Let O(f,b) be the oscillation of f at x=b. Then O(f,b) is a
measure of the discontinuity of f at x=b. We can think of
O(f,b) = oo as a way of saying that f is maximally discontinuous
at x=b.
Here are some things sci.math pathologists might want to try
their hand at --->>>
1. Show that {x: O(f,x) = oo} is always a closed set.
2. Given any closed set C, does there exist a function f such
that {x: O(f,x) = oo} = C?
3. (a) If the answer to #2 is "YES", can you still do this if
f is required to be a measurable function? (b) What if f is
required to be a Baire two function? (c) What if f is required
to be a Baire one function?
[[ "f is Baire one" means that f is a pointwise limit of
continuous functions. "f is Baire two" means that f is
a pointwise limit of Baire one functions. ]]
Let f be a function and E be a nonempty set. Define O(f,E) to be
the oscillation of f on E. Thus, O(f,E) is the vertical width
of the graph of y = f(x) restricted to E, with the understanding
that this width might not be achieved (i.e. a least upper bound
is involved). Note that
O(f,b) = inf { O(f,E): E is an open interval containing b}.
This allows us to consider various refinements of oscillation
at a point, and hence more extreme discontinuity notions.
O+(f,b) = inf { O(f,E): E is a closed interval with left endpoint b}
O-(f,b) = inf { O(f,E): E is a closed interval with right endpoint b}
Op(f,b) = inf { O(f,E): E is a perfect set containing b}
Om(f,b) = inf { O(f,E): E is a positive measure set containing b}
As expected, we have O(f,b) = max{ O+(f,b), O-(f,b) }.
[[ This isn't completely trivial since I used open
intervals to define O(f,b) and closed intervals
to define the unilateral versions. ]]
4. Does there exist a function f such that
{x: O+(f,b) not equal to O-(f,b) } is uncountable?
5. Consider problems #1-3 when O(f,b) is replaced with O+(f,b).
6. Consider problems #1-3 when O(f,b) is replaced with Op(f,b).
7. Consider problems #1-3 when O(f,b) is replaced with Om(f,b).
Dave L. Renfro
David C. Ullrich
wrote:
>Agapito Martinez <agapi...@aol.com>
>[sci.math 24 Apr 2002 12:34:39 -0700]
>http://mathforum.org/epigone/sci.math/smixspenkhur
>
>wrote
>
>> If a function f is defined but unbounded in all intervals
>> containing a given x, does it make sense to define its
>> oscillation at that point.
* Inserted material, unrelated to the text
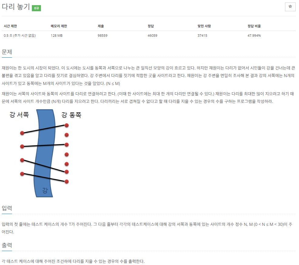 다리를 건설 할 때 서로 겹쳐질 수 없다는 점이 포인트이다.

Is it infinite, or just undefined?
>
>There might be situations where you'd say it was undefined,
>I suppose, but I can't think of any nontrivial reason why
>you'd want to do that. On the other hand, there are a lot of
>reasons why you'd want to say the oscillation is infinite.
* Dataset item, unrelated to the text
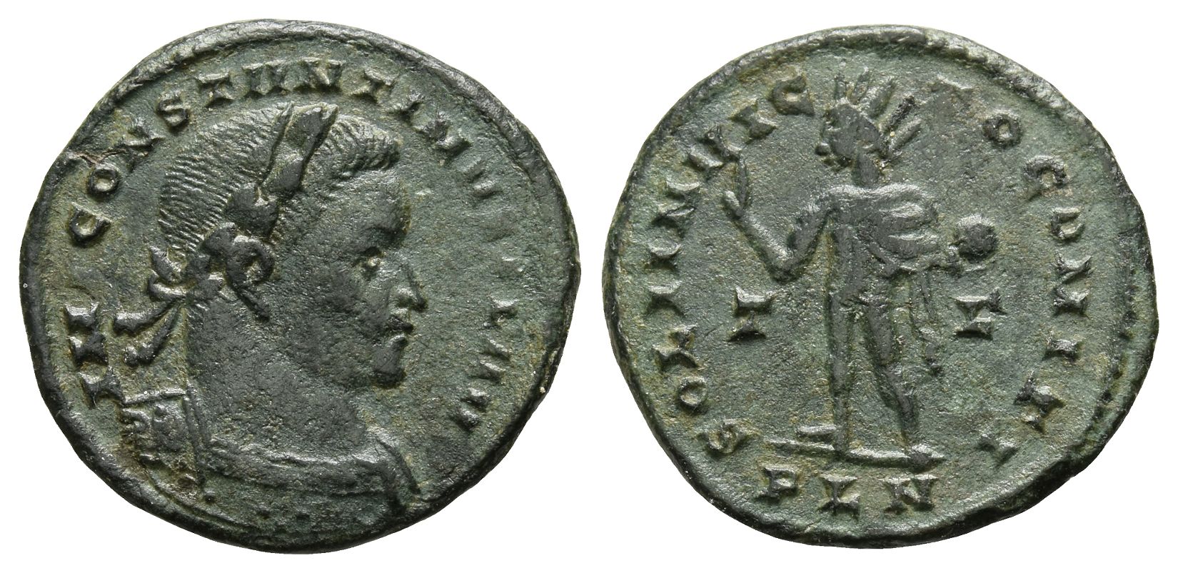 London mint; struck AD 310. 1st officina. IMP CONSTANTINVS P F AVG, laureate and cuirassed bust to right / SOLI INVICTO COMITI, radiate Sol standing facing, head to left with chlamys around shoulders, with right hand raised and holding globe in left; T F across fields, PLN in exergue. RIC VI 121a; C&T 6.02.010; RML 249. 3.70gr, 21mm, 6h.

>For example, f is continuous at x=b iff the oscillation of
>f at x=b is zero. We'd like to be able to say that f is not
>continuous at x=b iff the oscillation of f at x=b is nonzero.
>However, if the oscillation can be undefined, then we'd have to
>use something more awkward, such as "f is not continuous at x=b
>iff the oscillation of f at x=b is nonzero or the oscillation
>of f at x=b is undefined".
>
>Let O(f,b) be the oscillation of f at x=b. Then O(f,b) is a
>measure of the discontinuity of f at x=b. We can think of
>O(f,b) = oo as a way of saying that f is maximally discontinuous
>at x=b.
>
>Here are some things sci.math pathologists might want to try
>their hand at --->>>
You called? (Although "pathologist" doesn't seem like quite
the right word - a pathologist diagnoses pathology, right?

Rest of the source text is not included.